No conosco a Vane...pero pues ..jiji bueno ahi la dejamos mejor... :lol:


----------



## sebvill (Apr 13, 2005)

Que bonito lugar, la geografía es bastante similar a la de Piura y Tumbes. Que bueno que la hayas pasado bien y te hayas tomado un descanso. Todos merecen ir a la playa en el verano, hasta los moderadores jaja.


----------



## Menandro (Jun 9, 2003)

Realmente Vane andaba por el paraíso...

Qué fotos más relajantes, y lo mejor de todo es ver esa caída del sol.

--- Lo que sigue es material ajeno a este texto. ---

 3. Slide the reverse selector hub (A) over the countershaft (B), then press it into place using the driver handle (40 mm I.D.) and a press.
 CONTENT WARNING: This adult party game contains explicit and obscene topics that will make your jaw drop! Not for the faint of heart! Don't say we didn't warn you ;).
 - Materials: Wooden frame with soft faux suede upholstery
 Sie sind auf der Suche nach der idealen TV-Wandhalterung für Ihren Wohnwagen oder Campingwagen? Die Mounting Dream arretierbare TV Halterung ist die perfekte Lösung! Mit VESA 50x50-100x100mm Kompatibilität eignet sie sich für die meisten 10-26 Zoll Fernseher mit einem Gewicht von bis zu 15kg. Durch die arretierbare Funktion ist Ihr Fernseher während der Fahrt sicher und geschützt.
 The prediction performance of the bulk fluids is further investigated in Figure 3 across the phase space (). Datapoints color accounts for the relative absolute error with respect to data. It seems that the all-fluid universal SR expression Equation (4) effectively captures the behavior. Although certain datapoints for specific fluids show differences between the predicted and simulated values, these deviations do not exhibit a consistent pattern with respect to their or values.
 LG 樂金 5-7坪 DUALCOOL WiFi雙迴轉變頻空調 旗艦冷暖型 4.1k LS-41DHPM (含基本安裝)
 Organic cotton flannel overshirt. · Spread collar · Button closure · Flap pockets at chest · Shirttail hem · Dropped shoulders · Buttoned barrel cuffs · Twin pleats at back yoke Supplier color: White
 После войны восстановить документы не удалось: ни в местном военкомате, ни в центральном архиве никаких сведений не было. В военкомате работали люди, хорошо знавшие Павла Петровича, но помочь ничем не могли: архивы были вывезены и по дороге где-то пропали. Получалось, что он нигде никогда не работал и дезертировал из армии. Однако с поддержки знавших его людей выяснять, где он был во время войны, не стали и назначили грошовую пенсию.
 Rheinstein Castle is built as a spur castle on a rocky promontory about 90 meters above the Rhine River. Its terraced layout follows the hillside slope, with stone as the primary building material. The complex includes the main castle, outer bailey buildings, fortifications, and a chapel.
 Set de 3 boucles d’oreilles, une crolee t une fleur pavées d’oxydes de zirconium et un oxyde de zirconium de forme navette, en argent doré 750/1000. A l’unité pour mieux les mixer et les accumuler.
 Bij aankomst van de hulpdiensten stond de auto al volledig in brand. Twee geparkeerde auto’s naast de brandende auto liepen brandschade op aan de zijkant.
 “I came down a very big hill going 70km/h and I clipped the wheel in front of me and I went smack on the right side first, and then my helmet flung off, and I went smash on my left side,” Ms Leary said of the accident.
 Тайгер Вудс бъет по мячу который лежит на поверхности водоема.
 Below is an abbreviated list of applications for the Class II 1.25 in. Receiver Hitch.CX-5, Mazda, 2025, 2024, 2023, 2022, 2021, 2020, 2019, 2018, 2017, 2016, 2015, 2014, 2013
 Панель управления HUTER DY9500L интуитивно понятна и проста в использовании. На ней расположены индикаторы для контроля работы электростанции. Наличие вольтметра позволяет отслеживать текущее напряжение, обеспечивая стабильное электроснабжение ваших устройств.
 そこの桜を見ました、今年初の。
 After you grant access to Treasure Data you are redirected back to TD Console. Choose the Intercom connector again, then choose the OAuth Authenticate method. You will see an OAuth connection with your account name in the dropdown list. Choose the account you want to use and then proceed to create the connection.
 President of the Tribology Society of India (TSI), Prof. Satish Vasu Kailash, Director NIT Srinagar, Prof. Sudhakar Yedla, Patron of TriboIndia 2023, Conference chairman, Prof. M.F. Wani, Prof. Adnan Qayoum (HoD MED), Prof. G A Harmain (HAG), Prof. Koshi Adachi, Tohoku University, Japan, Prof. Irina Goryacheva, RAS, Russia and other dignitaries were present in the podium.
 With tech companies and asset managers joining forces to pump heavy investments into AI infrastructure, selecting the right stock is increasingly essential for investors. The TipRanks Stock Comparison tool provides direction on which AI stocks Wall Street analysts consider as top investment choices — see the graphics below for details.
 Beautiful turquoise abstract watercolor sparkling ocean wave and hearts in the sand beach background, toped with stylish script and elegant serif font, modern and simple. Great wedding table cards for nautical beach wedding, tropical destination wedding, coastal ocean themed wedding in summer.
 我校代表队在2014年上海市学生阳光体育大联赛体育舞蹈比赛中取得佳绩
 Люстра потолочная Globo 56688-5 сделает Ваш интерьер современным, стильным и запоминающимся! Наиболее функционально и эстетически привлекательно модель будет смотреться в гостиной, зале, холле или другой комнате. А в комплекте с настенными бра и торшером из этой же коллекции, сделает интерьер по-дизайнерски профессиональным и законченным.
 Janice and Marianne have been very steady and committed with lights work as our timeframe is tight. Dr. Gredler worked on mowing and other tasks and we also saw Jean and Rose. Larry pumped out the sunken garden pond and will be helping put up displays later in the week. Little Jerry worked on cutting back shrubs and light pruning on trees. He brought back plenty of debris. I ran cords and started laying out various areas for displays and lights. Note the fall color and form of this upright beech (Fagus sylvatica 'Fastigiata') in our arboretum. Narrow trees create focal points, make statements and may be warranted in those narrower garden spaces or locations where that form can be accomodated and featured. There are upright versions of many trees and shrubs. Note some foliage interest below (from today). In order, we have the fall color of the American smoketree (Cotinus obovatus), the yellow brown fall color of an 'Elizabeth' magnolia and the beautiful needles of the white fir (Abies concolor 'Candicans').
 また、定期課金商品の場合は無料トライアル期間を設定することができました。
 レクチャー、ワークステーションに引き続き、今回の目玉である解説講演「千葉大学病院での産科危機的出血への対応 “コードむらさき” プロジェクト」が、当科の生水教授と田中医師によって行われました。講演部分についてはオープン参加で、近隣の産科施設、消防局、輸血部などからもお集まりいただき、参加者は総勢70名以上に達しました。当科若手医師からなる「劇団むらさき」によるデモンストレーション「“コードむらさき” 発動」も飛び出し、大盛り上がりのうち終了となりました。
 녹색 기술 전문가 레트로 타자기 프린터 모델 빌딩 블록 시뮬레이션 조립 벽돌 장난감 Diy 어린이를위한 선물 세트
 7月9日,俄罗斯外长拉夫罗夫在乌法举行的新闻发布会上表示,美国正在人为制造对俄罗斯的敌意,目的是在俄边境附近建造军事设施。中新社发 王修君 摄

Guau! :drool:

Para la próxima nos invitas! :bash: 


:cheers:


----------



## Vane de Rosas (May 8, 2005)

Menandro said:


> Realmente Vane andaba por el paraíso...
> 
> Qué fotos más relajantes, y lo mejor de todo es ver esa caída del sol. Guau! :drool:
> 
> ...


Pero por supuesto que tas invitado Alejo!!!!! cuando gustes!!!!!


----------



## panzer_666 (Dec 1, 2006)

me quedo com mancora de lejossss .......................


----------



## skyperu34 (May 25, 2003)

bonitos lugares ! Yo de vane, ahi me quedo unos buenos mesesssssssss


----------



## alibiza_1014 (Jun 12, 2005)

Felicitaciones Vane, eso se llama pasar la bien y en un buen sitio. Extraño el verano Sudamericano, aqui va a llover hoy, ufff que frio


----------